The large cannabis corporations in the North American region continue to climb back and increase their market reach, even though some of them still need more time to report profits. The most recent financial report came from US and Canadian cannabis operator TerrAscend, which posted its total sales for the second quarter of fiscal year 2020 at $35.75 million, 36% more than the previous quarter and a 169% across the year.
One aspect worth mentioning is that the operations in the US are responsible for almost all the revenue – roughly $32 million – collected by TerrAscend this past quarter. According to the company, the growth in sales is attributed mainly to the recent acquisitions made by the corporation, such as Illera Healthcare in Pennsylvania and The Apothecarium in California. “Lower sales in Canada during the second quarter of 2020 were driven by a shift in focus towards more profitable and sustainable sales,” wrote TerrAscend management in a regulatory filing. In some way, the younger Canadian legal cannabis market needs to undergo a process of rightsizing just as the US market did, so sales are expected to bounce back in the near future.
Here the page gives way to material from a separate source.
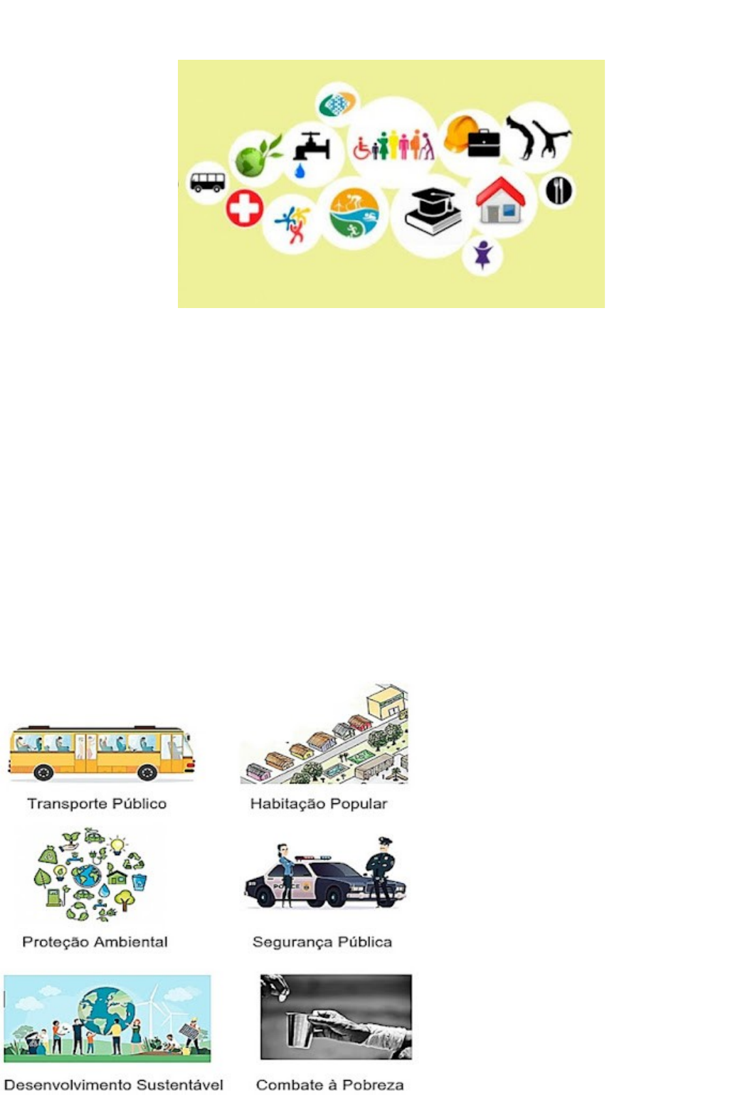 <p>POLÍTICAS PÚBLICAS</p><p>As políticas públicas são conjuntos de programas, ações e decisões tomados pelos governos (nacionais, estaduais ou municipais) com a participação, direta ou indireta, de entes públicos ou privados que visam assegurar determinado direito de cidadania para vários grupos da sociedade ou para determinado segmento social, cultural, étnico ou econômico. Ou seja, correspondem a direitos assegurados na Constituição.</p><p>Um programa da Prefeitura que esteja beneficiando seu bairro, por exemplo, é uma política pública. A educação, a saúde, o meio ambiente e a água são direitos universais, assim, para assegurá-los e promovê-los estão constituídas pela Constituição Federal as políticas públicas de educação e saúde, por exemplo.</p><p>O conceito de políticas públicas pode possuir dois sentidos diferentes. No sentido político, encara-se a política pública como um processo de decisão, em que há naturalmente conflitos de interesses. Por meio das políticas públicas, o governo decide o que fazer ou não fazer. O segundo sentido se dá do ponto de vista administrativo: as políticas públicas são um conjunto de projetos, programas e atividades realizadas pelo governo.</p><p>Exemplos de políticas públicas:</p><p>Uma política pública pode tanto ser parte de uma política de Estado ou uma política de governo. Vale a pena entender essa diferença: uma política de Estado é toda política que independente do governo e do governante deve ser realizada porque é amparada pela constituição.</p><p>Já uma política de governo pode depender da alternância de poder. Cada governo tem seus projetos, que por sua vez se transformam em políticas públicas.</p><p>Como são planejadas e executadas as políticas públicas?</p><p>As políticas públicas são planejadas em um processo que inclui formulação, implementação, monitoramento e avaliação, e revisão. Na etapa de formulação, são identificados os problemas e estabelecidos os objetivos da política. Na implementação, são alocados recursos e definidas as instituições responsáveis. O monitoramento e avaliação permitem acompanhar o progresso e fazer ajustes, enquanto a revisão busca aprimorar as políticas. A participação da sociedade civil é crucial. O processo visa atender às necessidades da população e melhorar a eficácia das políticas públicas ao longo do tempo.</p><p>Refletindo</p><p>Portanto, as políticas públicas desempenham um papel fundamental na vida dos cidadãos, pois têm o objetivo de atender às necessidades e promover o bem-estar da população. Elas são instrumentos que permitem a implementação de ações e programas que visam melhorar diversos aspectos da sociedade, como saúde, educação, segurança, meio ambiente e desenvolvimento econômico.</p><p>ATIVIDADE DE FIXAÇÃO</p><p>1. O que são políticas públicas?</p><p>a) Programas de entretenimento promovidos pelo governo.</p><p>b) Conjuntos de programas, ações e decisões tomados pelos governos com o objetivo de assegurar direitos de cidadania.</p><p>c) Empresas estatais responsáveis pela oferta de serviços públicos.</p><p>d) Organizações não governamentais que atuam em prol do meio ambiente.</p><p>2. Quais são os dois sentidos do conceito de políticas públicas mencionados no texto?</p><p>a) Social e cultural.</p><p>b) Político e administrativo.</p><p>c) Econômico e tecnológico.</p><p>d) Local e global.</p><p>3. As políticas públicas de saúde no Brasil são voltadas para garantir o acesso universal, integral e igualitário aos serviços de saúde para toda a população. Essas políticas são implementadas pelo Sistema Único de Saúde (SUS) e visam promover a prevenção de doenças, a promoção da saúde, o tratamento de enfermidades e a reabilitação dos indivíduos. Além disso, buscam assegurar a participação da comunidade, a gestão participativa, a equidade no atendimento e a qualidade dos serviços de saúde. Observe a charge a seguir e responda.</p><p>Em sua opinião, qual é a crítica que a charge faz?</p><p>_______________________________</p><p>4. Qual a importância das políticas públicas?</p><p>_______________________________</p><p>5. Apresente exemplos de políticas públicas mencionadas no texto. Os exemplos também podem ser representados através de desenhos.</p><p>6. Qual é a diferença entre uma política de Estado e uma política de governo?</p><p>Estado:</p><p>_______________________________</p><p>Governo:</p><p>_______________________________</p><p>7. Observe a imagem para responder à questão.</p><p>As políticas públicas desempenham um papel fundamental no combate à pobreza. Fontes do IBGE apontam que no ano de 2017, O país tinha 54,8 milhões de pessoas que viviam com menos de R$ 406 por mês em 2017, dois milhões a mais que em 2016. Isso significa que a proporção da população em situação de pobreza subiu de 25,7% para 26,5%, de acordo com a Síntese de Indicadores Sociais, divulgada hoje pelo IBGE.</p><p>Que caminhos podem contribuir para a redução da pobreza? Você acredita que seria necessário mais investimento em políticas públicas voltadas para esta problemática?</p><p>_______________________________</p><p>8. Qual é o objetivo principal das políticas públicas?</p><p>a) Aumentar a carga tributária sobre a população.</p><p>b) Beneficiar apenas determinados grupos sociais.</p><p>c) Atender às necessidades e promover o bem-estar da população.</p><p>d) Aumentar o poder dos governos locais.</p><p>9. Como as políticas públicas podem contribuir para o bem-estar da população?</p><p>_______________________________</p><p>10. Qual é a importância da participação da sociedade civil no processo de elaboração das políticas públicas?</p><p>a) Para garantir a supremacia do governo nas decisões.</p><p>b) Para promover o poder das empresas privadas na sociedade.</p><p>c) Para considerar os interesses e necessidad

“We are producing strong revenue growth while maintaining our focus on delivering industry-leading margins and profitability,” stated CEO and executive chairman Jason Ackerman. In other numbers, the company’s gross margin in the second quarter went up 56% compared to the same period last year, but the adjusted EBITDA was $8.64 million, which accounted for 24% of net sales. The company reported positive cash flow from operations for a total of $7.88 million for this past quarter; however, was also forced to report a net loss for the quarter of $10.3 million.
“The outlook is driven by the company’s continued emphasis on further expansion of its most profitable business in Pennsylvania and ramp up and further expansion of its retail footprint in Pennsylvania, New Jersey, and California while maintaining a tight overall focus on costs,” said TerrAscend’s press release.